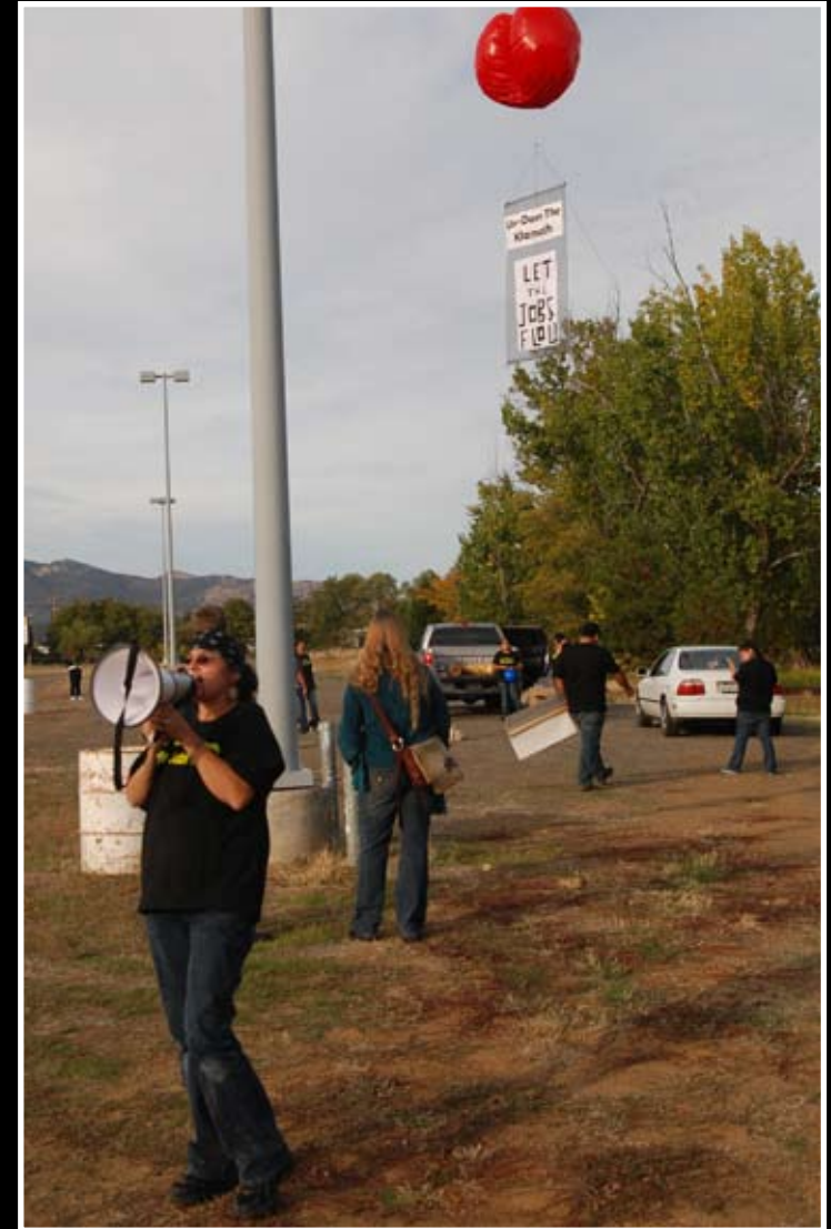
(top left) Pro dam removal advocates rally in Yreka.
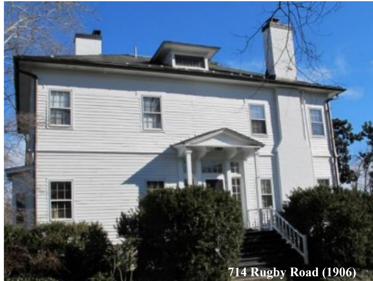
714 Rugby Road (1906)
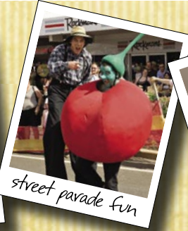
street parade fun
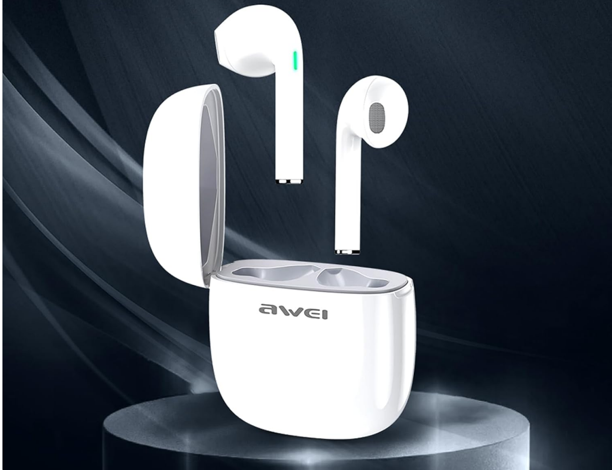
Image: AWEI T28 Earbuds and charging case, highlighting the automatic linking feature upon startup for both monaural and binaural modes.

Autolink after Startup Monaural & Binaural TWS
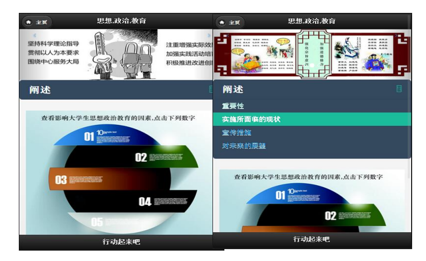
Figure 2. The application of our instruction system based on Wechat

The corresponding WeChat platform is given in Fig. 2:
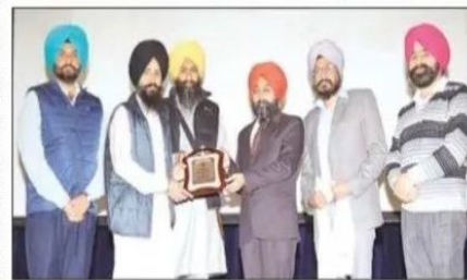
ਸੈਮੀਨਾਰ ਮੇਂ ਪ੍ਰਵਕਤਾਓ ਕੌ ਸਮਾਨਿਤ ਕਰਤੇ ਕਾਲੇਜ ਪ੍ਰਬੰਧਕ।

- _TASK STATEMENT_: Output all of the data word for word, excluding any pictures.

- _SOLUTION TO THIS PROBLEM_:
(top left) Pro dam removal advocates rally in Yreka.
714 Rugby Road (1906)
street parade fun
Image: AWEI T28 Earbuds and charging case, highlighting the automatic linking feature upon startup for both monaural and binaural modes.

Autolink after Startup Monaural & Binaural TWS
Figure 2. The application of our instruction system based on Wechat

The corresponding WeChat platform is given in Fig. 2:
ਸੈਮੀਨਾਰ ਮੇਂ ਪ੍ਰਵਕਤਾਓ ਕੌ ਸਮਾਨਿਤ ਕਰਤੇ ਕਾਲੇਜ ਪ੍ਰਬੰਧਕ।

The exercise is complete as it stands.